Die vier Saiten der Pipa erzählen hier variantenreich den Hergang einer bewegten Schlacht in der chinesischen Geschichte (202 a.C.). Nach dem Ende der Quin-Dynastie entbrannte ein bitterer Kampf um die Krone unter den Armeen Chus und Hans, der in einer bewaffneten Auseinandersetzung unter ihren Anführern Xiang Yu und Liu Bang gipfelte. Schließlich belagerten 300.000 Han Soldaten Xiang Yu's 100.000 Mann starke Armee unter Chu.

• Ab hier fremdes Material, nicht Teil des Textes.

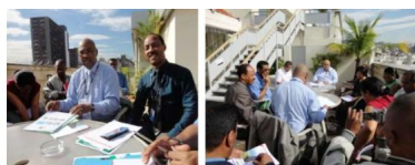
Mr le SECRÉTAIRE GÉNÉRAL du MEF, en tant que chef de file de l'équipe du MEF à dirigé la Mission technique de briefing de la Délégation malgache le 19 juin 2012 à Rio de Janeiro.

participants étaient inscrits y compris le secteur privé et la société civile. Près de 130 Chefs d'Etat et de Gouvernement (dont 79 Chefs d'Etat) ont fait le déplacement à Rio. La Conférence s'est également distinguée par le nombre des activités et réunions. En effet, outre les réunions officielles, environ 500 événements en marge se sont tenus dans le Centre de Conférence et 3000 dans la ville de Rio dont le Sommet du peuple.
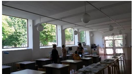
Lehtisali kesäpäivän varjoissa.

Kierroksen päätteeksi kulttuurit kohtasivat: onnistuin käymään pienen alkeellisen keskustelun oppaan kanssa; keuhmaan kierrosta ja kirjastoa ja kertomaan mistä olen ja miksi tulin. Pakkohan se oli edes yrittää, ja katso: joskus kukkokin munii. Spasiba ja Da svidanija!

Zwar durchbrach Xiang Yu mit 800 Reitern die übermächtige Belagerung durch Han's Streitkräfte, doch verfolgt von 5000 Reitern unter Liu Bang, sah sich Xiang Yu schließlich gezwungen, nach einem erbitterten und aussichtslosen Kampf am Wuijang Fluss Selbstmord zu begehen.Virtuos reflektiert das Stück das Auf und Ab der Geschehnisse, so dass sie sich vor dem inneren Auge des Zuhörers abzuzeichnen beginnen.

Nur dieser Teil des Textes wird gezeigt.